I have a few GE panel covers that got beat up a little bit during shipping. Have any of you guys had any luck touching up with a rattle can or small brush? Any specific brand/color of paint to use? Thanks.


----------



## MechanicalDVR (Dec 29, 2007)

reiling3 said:


> I have a few GE panel covers that got beat up a little bit during shipping. Have any of you guys had any luck touching up with a rattle can or small brush? Any specific brand/color of paint to use? Thanks.


 
I have seen a few guys redo them, didn't look bad.


----------



## KayJay (Jan 20, 2008)

I’ve used the Benjamin Moore "Dover Grey" quick dry spray paint for indoor panels and covers before and it looked great. I don’t use GE, so they may be different, but it was a near perfect match to the OEM color on them. Just be sure not to spray paint over any of the factory labels.
Some guys would argue that painting a panel or cover somehow violates the listing, but to that I say scratches and surface rust are not part of the listing either.


----------



## oldtimer (Jun 10, 2010)

reiling3 said:


> I have a few GE panel covers that got beat up a little bit during shipping. Have any of you guys had any luck touching up with a rattle can or small brush? Any specific brand/color of paint to use? Thanks.


 There was a spray paint available from the suppliers years ago.

I believe it was G.E. Glyptal Grey. Maybe I have that spelled wrong!

Is this product still available?

I have not seen it in many years!

OR, am I that old? :001_unsure:


----------



## Mr Rewire (Jan 15, 2011)

It is easier just to paint the whole cover than try and match a paint.


----------



## Mr. Sparkle (Jan 27, 2009)

Mr Rewire said:


> It is easier just to paint the whole cover than try and match a paint.

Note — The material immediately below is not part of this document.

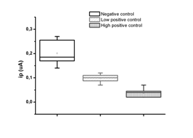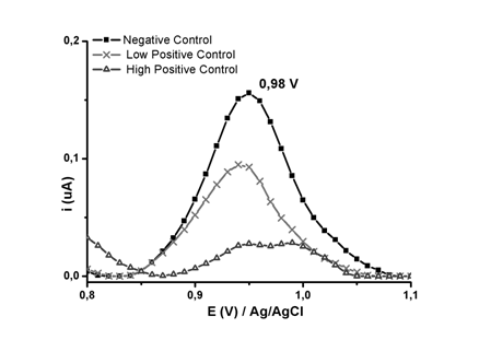 Figure 2 Square-wave voltamperogram of negative control, low positive control and high positive control, in PB at pH 6.9, 20 mmolL-1.

Yeah, same goes for work vans.


----------



## MechanicalDVR (Dec 29, 2007)

I believe the color is DOVE GRAY.

http://www.grainger.com/Grainger/RU..._-Paints-_-4CH76&ci_src=14110944&ci_sku=4CH76


----------



## Magnettica (Jan 23, 2007)

GE is crap.


----------



## reiling3 (Jun 23, 2009)

Personal opinions of manufacturers are irrelevant in my position. My job is to install, make everything operate according to spec, and not look like sh*t. I have no problems with GE. Thanks for the info guys.


----------



## MF Dagger (Dec 24, 2007)

Last cover i got from GE was so dented up and mangled I made them send out a new one. Box was in pristine shape though so it left the factory looking that way.


----------



## knowshorts (Jan 9, 2009)

Whenever I get a damaged panel or it doesn't meg out, I immediately call my supplier and exchange it. He can send me all the paint or replacement parts in the world, but I am buying a brand new piece of equipment and I expect it to be perfect.


----------



## CWOODS (7 mo ago)

ANYONE KNOW WHERE I CAN FIND A COVER PLATE FOR A GE TLM2020RCU


----------